Watching Charlie Hull's boy with Orley, Senator Stennis
Posted on: April 20,2016
This was September, 1979. Mississippi State’s football team was playing Maryland at College Park, Md. The late, great Orley Hood and I covered the game for the Jackson newspapers.
We spent all day Friday and Saturday morning touring our nation’s capital. Orley was — and I am — a history buff. We probably set a record for time spent by sports writers touring the Lincoln Memorial.
Saturday afternoon, we made our way over to Byrd Stadium at College Park and another history lesson we hadn’t really expected. In the press box, I found my seat right next to Sen. John C. Stennis, a former State yell leader, and the man who had replaced Theodore Bilbo in the U.S. Senate 32 years earlier. (For the record, and this is the history buff talking, we got a lot better right there.)
I timidly introduced myself to the Senator. He said, in that pronounced Kemper County drawl of his, “Ah read your stuff all the time. You must be Ace Cleveland’s boy.”
I was and am.
My dad much admired Sen. Stennis and had sung his praises to me for years and years. I was in awe of Stennis. I couldn’t believe I was sitting by him. I mean, I was 27. Stennis had become a U.S. Senator five years before I was born.
The 1979 Mississippi State football season was not one fondly remembered by Bulldog fans. It was my first year at The Clarion-Ledger, the late Emory Bellard’s first as head coach at State. Bellard was trying to run the Wishbone offense without a quarterback suited to run the option offense. The results were as predictable as they were dismal. State opened with a 14-13 loss to Memphis. Then came an open date, and then Maryland. The Bulldogs were decided underdogs.
The Senator, nevertheless, was optimistic. I told him I wasn’t. He told me he didn’t want to interrupt my work, but he wanted to ask me some questions. He scanned the State depth chart and came across the name of Kent Hull, the future NFL great.

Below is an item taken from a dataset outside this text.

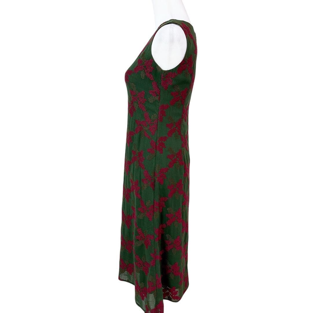 シビラ ノースリーブワンピース M 刺繍花柄チェック 緑×赤の検索結果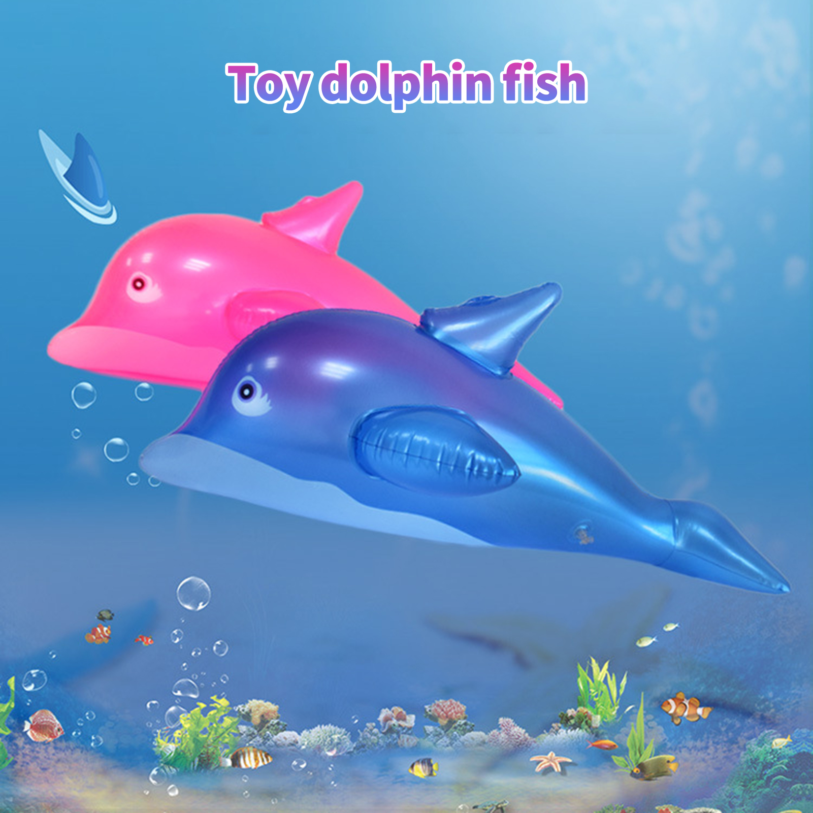 Wilitto Cute Inflatable Toy Airtight Lovely Entertainment PVC Inflatable Dolphin Fish Children Toy for Swimming Pool Blue

“Kent Hull from Greenwood,” Stennis said in that syrupy drawl of his. “That must be ol’ Charlie Hull’s boy. Is he?”
I told him Kent was, indeed, Charlie Hull’s boy. I also told him that Kent, an under-sized freshman who wasn’t shaving yet, would make his first start at center that afternoon against Maryland’s All-American nose tackle who was five years older and 80 pounds heavier than Kent. I mentioned that it might not be a good matchup for the Bulldogs — or for Kent.
The truth is, Bellard had wanted to redshirt Hull and give him another year to develop. Injuries forced his hand. Kent had been a basketball star (as was his dad) in high school. He had never really concentrated totally on football and was lean and under-sized for Division I football. It would have been hard to predict then that Hull would become one of the greatest centers in the NFL. Hull, whom Bellard would later call “as tough as a rolling bunch of butcher blades” just wasn’t big enough — yet.
So the game began and on the first play from scrimmage the Maryland All-American bowled Kent over with a vicious forearm to the chin. Both the Senator and I had our binoculars trained on Kent. I looked over at Stennis, just as he peered over his spectacles at me.
Said the Senator, “Ah don’t believe Ah’ll mention that play to ol’ Charlie.”
Final score: Maryland 35, State 14. The game was forgettable. My afternoon sitting between Orley Hood and John C. Stennis, watching Charlie Hull’s boy make his first college start, was not.